=== WHAT YOU SHOULD DO ===
Only the lines from the one containing "Christmas decor of" through the end of the listing are to be repeated, exactly and without pictures.

=== SOURCE DATA ===
• • • • • • •
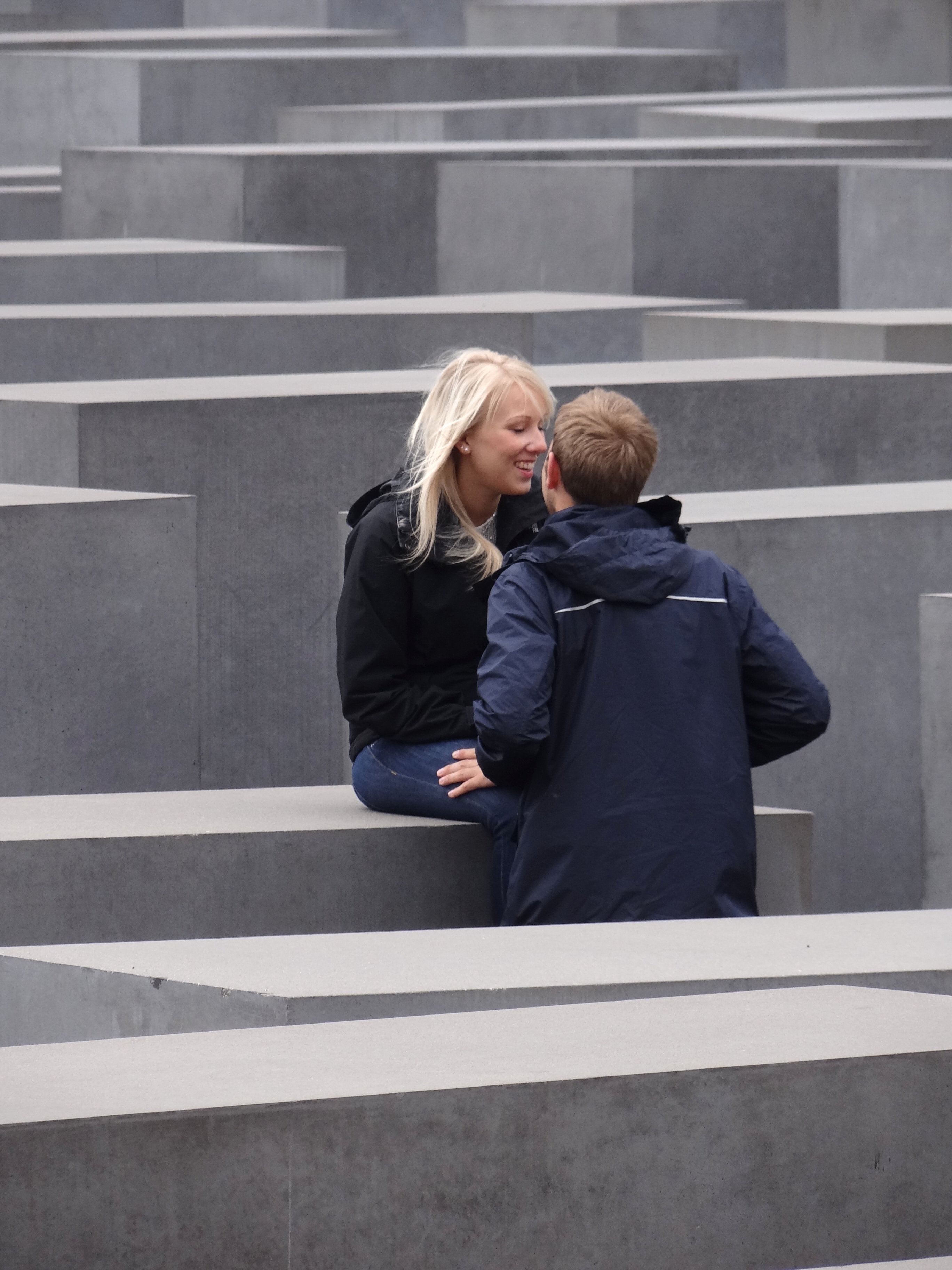 Couple at Memorial to the Murdered European Jews - Berlin - Germany
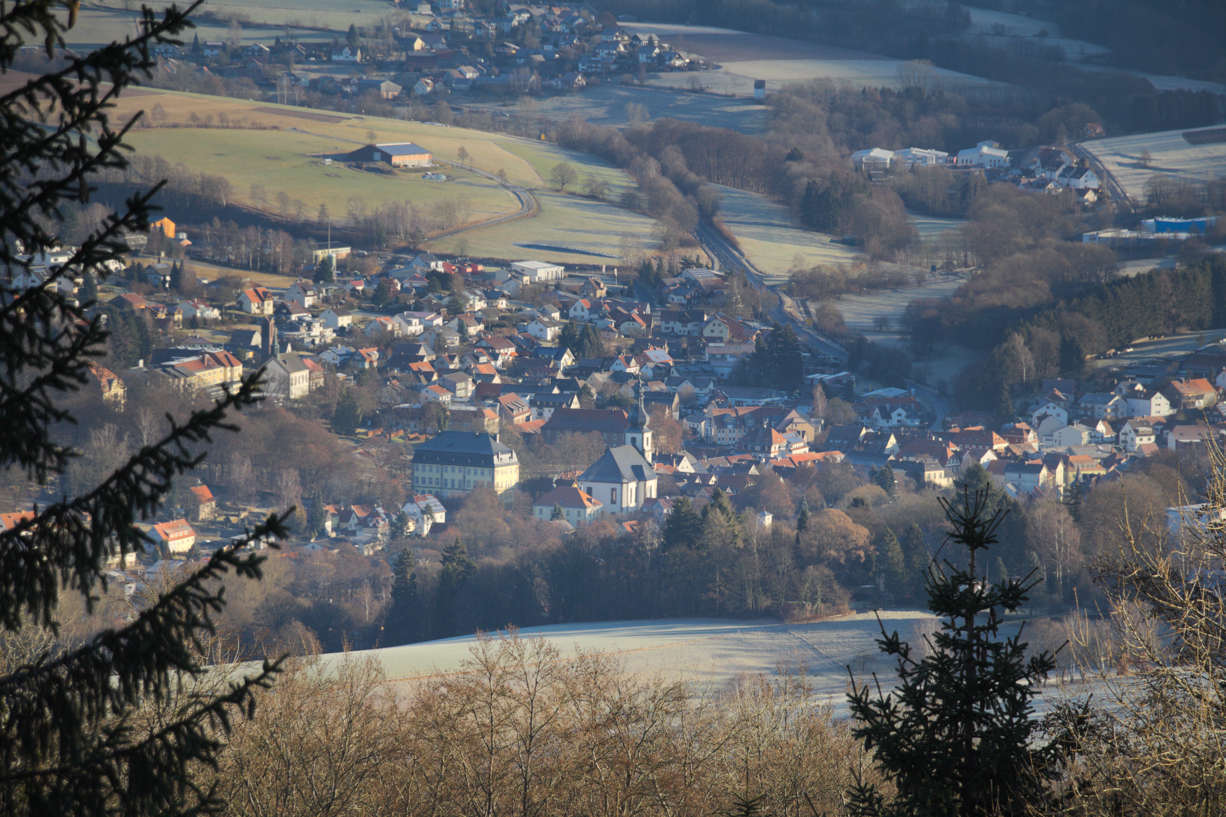 Gersfeld (seen from the Mount Gr. Nalle), Gersfeld, Hesse, Germany
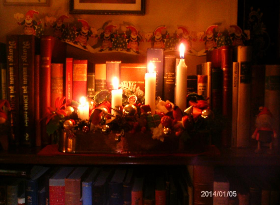 Christmas decor of 2014; Swedish Advent candle holderPlace: Lars Jacob residence, Stockholm, Sweden
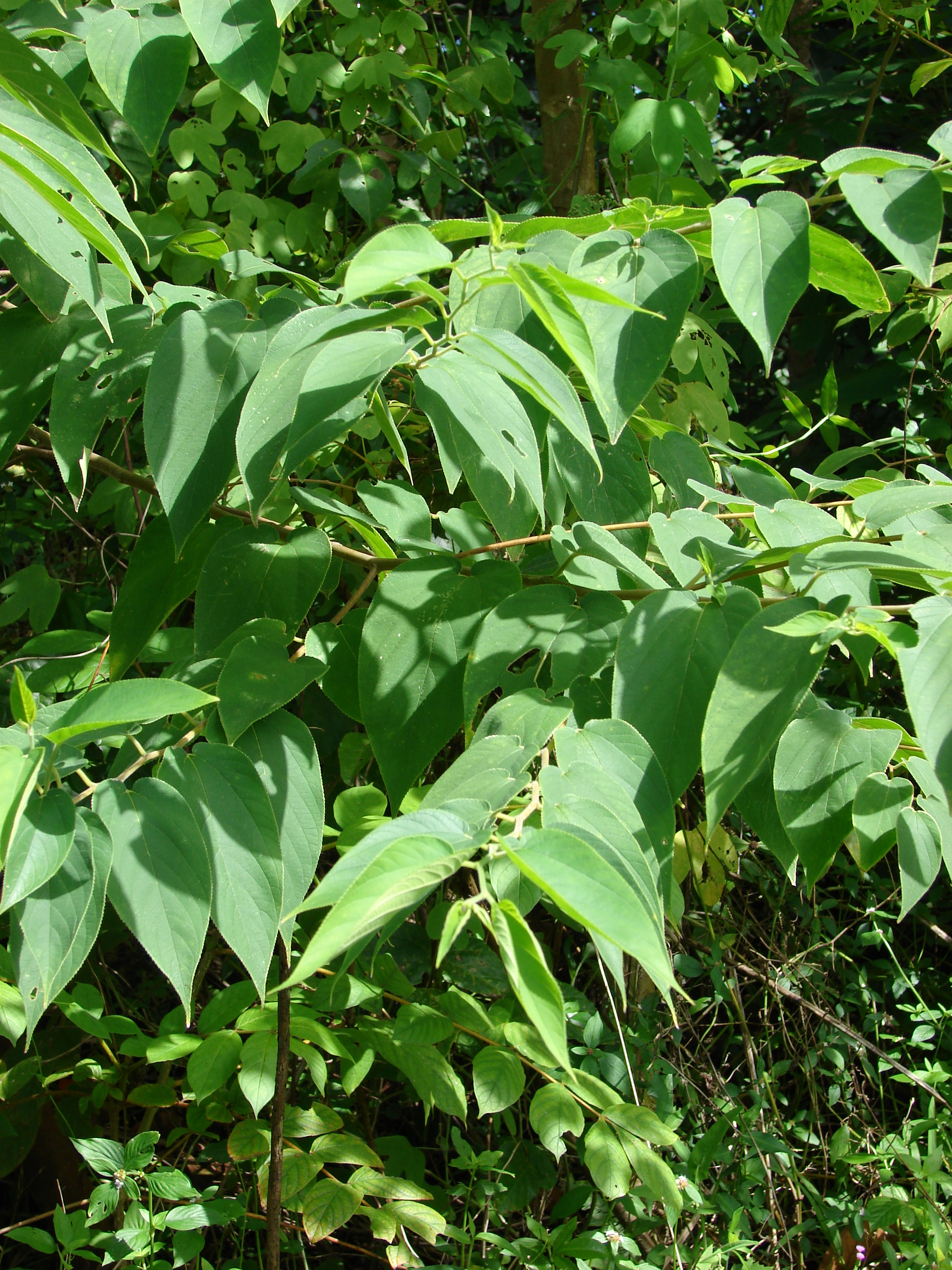 Trema orientalis (leaves). Location: Maui, Hana
• • • • • • •
=== RESPONSE BOX ===
 Christmas decor of 2014; Swedish Advent candle holderPlace: Lars Jacob residence, Stockholm, Sweden
 Trema orientalis (leaves). Location: Maui, Hana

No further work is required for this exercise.